Over three iterations, both the instruction-following ability and the judging ability improved together, lifting Llama 2 70B above Claude 2 and GPT-4 0613 on AlpacaEval 2.0. Their framing names the bottleneck cleanly: standard reward models are "bottlenecked by human performance level." RLAIF moves that bottleneck onto compute, where it actually scales.

This reframe makes total effective progress looks like

progress=(compute×αscale)+(compute×αpost)+(compute×αverify)\text{progress} = (\text{compute} \times \alpha_{\text{scale}}) + (\text{compute} \times \alpha_{\text{post}}) + (\text{compute} \times \alpha_{\text{verify}})

than to compute + algorithms. The same FLOP increase is being amplified across three independent multiplicative channels simultaneously. That's why the o3-to-frontier-2026 window produced larger capability jumps than 2023 forecasts predicted despite no further OOMs of RL compute: the OOMs weren't necessary. To slow progress, you'd need to hit ceilings on all three channels at once, and there's no particular reason to expect them to stop at the same time.

Looking Forward

Looking forward, the picture is less reassuring than it appears. Every mechanism above relies on cheap verification. RLVR works because math and code have mechanical ground truth. Process reward models work because reasoning steps are locally checkable. R-HORIZON works because sub-problems remain individually verifiable. The bottleneck was never really long horizons.
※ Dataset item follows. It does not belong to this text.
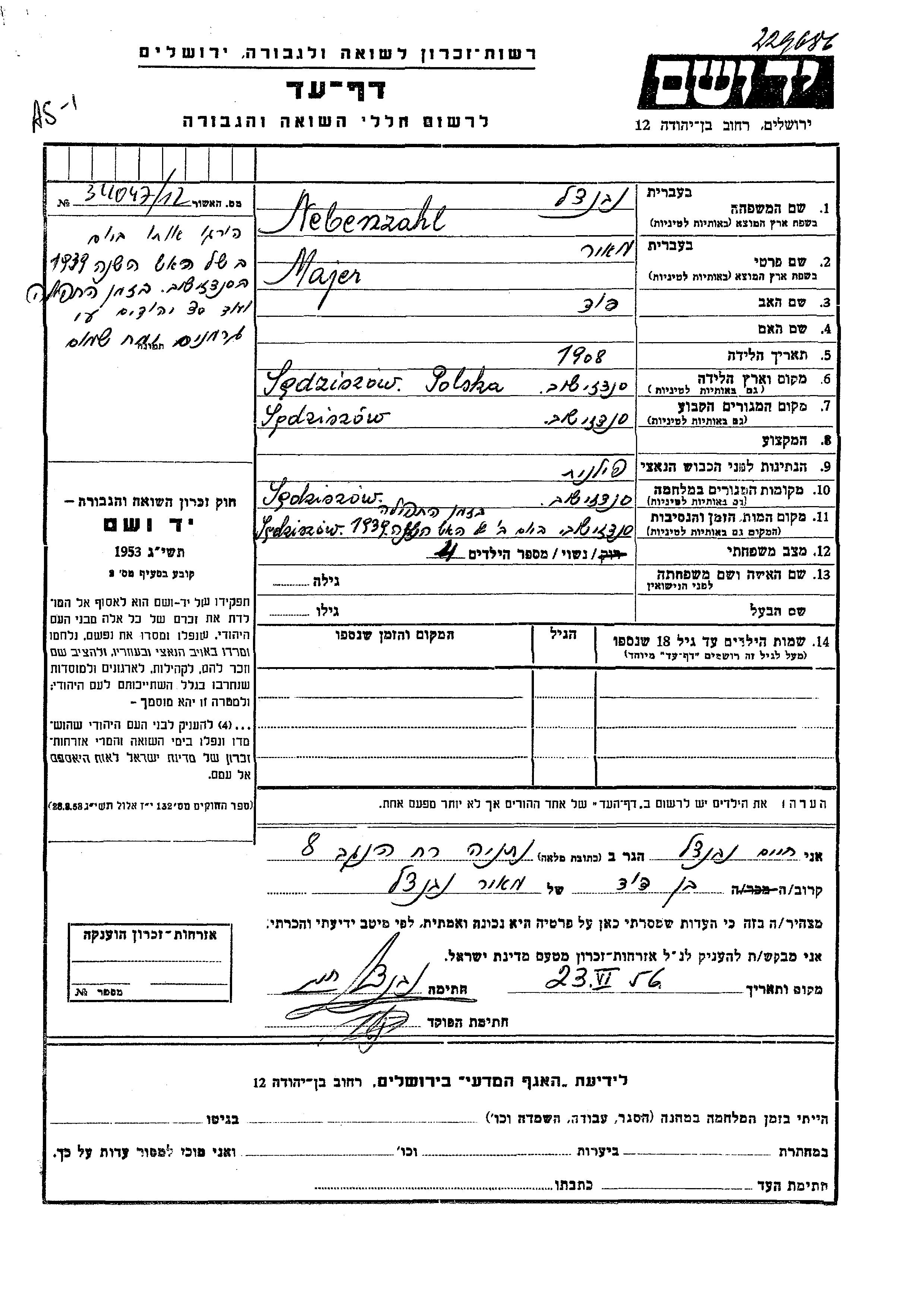 Majer Nebenzahl was born in Sedziszow Malopolski, Poland, 1908 to David. He was married. Prior to WWII he lived in Sedziszow Malopolski, Poland. During the war he was in Sedziszow Malopolski, Poland. Majer was murdered in the Shoah. Place of death: Sedziszow Malopolski, Poland, 1939.

It was long horizons without verifiable substructure, and we have made enormous progress on the latter while making almost none on the former. When the task is "run a company for a year" or "pursue a research agenda," verification itself is the hard part, and none of these techniques transfer. My expectation is bifurcation: cheap-verification domains keep racing, while expensive-verification domains stall until we figure out how to verify them.